The term CAPTCHA, proposed by computer science researchers in 2000, stands for "Completely Automated Public Turing test to tell Computers and Humans Apart."
The Turing test, formulated by Alan Turing in 1950, attempts to evaluate whether a computer's conversational responses to questions can be distinguished from a person's answers.
A CAPTCHA represents a reverse Turing test because it asks a computer rather than a person to identify whether the respondent is human or machine. The roles are reversed.
Such tests are themselves being tested by recent advances in computer vision and machine learning. As Google recently demonstrated with AlphaGo, its Go-playing deep learning system, computer thinking rivals human thinking in a growing number of areas. And as the line between human and machine intelligence blurs, CAPTCHAs fail.
In a presentation at Black Hat Asia last month, Columbia University researchers Iasonas (Jason) Polakis and Suphannee Sivakorn described work they'd done with associate professor Angelos Keromytis to create an automated system to bypass CAPTCHAs used by Google and Facebook.

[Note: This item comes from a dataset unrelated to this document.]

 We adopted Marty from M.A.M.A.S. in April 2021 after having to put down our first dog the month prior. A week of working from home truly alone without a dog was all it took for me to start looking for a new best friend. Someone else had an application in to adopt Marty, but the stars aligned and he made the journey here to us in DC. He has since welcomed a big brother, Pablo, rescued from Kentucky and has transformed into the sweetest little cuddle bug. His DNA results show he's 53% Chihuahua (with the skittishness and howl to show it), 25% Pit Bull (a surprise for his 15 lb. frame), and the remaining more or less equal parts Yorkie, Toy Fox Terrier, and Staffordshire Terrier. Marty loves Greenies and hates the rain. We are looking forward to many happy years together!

The two companies, like others, rely on CAPTCHAs as a means of limiting fake account creation, spam posts, and other abuse of online services.
"Our system is extremely effective, automatically solving 70.78% of the image reCAPTCHA challenges, while requiring only 19 seconds per challenge," the researchers explain in a paper documenting their work. "We also apply our attack to the Facebook image CAPTCHA and achieve an accuracy of 83.5%."

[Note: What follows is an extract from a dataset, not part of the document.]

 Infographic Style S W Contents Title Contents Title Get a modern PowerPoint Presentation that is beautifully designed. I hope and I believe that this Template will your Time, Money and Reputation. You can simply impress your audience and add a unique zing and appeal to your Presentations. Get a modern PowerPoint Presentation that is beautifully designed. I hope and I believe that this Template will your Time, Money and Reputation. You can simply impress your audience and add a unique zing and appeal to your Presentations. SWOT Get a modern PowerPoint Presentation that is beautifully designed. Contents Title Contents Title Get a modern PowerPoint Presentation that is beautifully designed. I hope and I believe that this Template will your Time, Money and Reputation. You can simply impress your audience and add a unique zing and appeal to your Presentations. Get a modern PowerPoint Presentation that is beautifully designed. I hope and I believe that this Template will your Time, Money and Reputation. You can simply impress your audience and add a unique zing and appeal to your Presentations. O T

Attacks on CAPTCHA systems have been an issue for years. When Google bought reCAPTCHA in 2009, the company hoped the technology would give it an edge in combating automated fraud. And for a time, it did.

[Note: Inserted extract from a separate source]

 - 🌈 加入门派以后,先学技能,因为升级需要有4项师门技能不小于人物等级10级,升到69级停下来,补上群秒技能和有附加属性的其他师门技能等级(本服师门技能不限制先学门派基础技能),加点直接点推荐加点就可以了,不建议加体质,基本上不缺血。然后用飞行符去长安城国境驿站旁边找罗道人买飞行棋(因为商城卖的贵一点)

But machines keep getting smarter. Advances in optical character recognition have made text-based CAPTCHAs all but unusable. CAPTCHA letters now have to be so distorted to fool the machines that people can't read them either. Google's latest iteration of reCAPTCHA alludes to the illegibility of recent CAPTCHA challenges in its marketing tagline: "Tough on bots, Easy on humans."
The researchers disclosed their work to Google, which has already implemented some counter-measures, and to Facebook.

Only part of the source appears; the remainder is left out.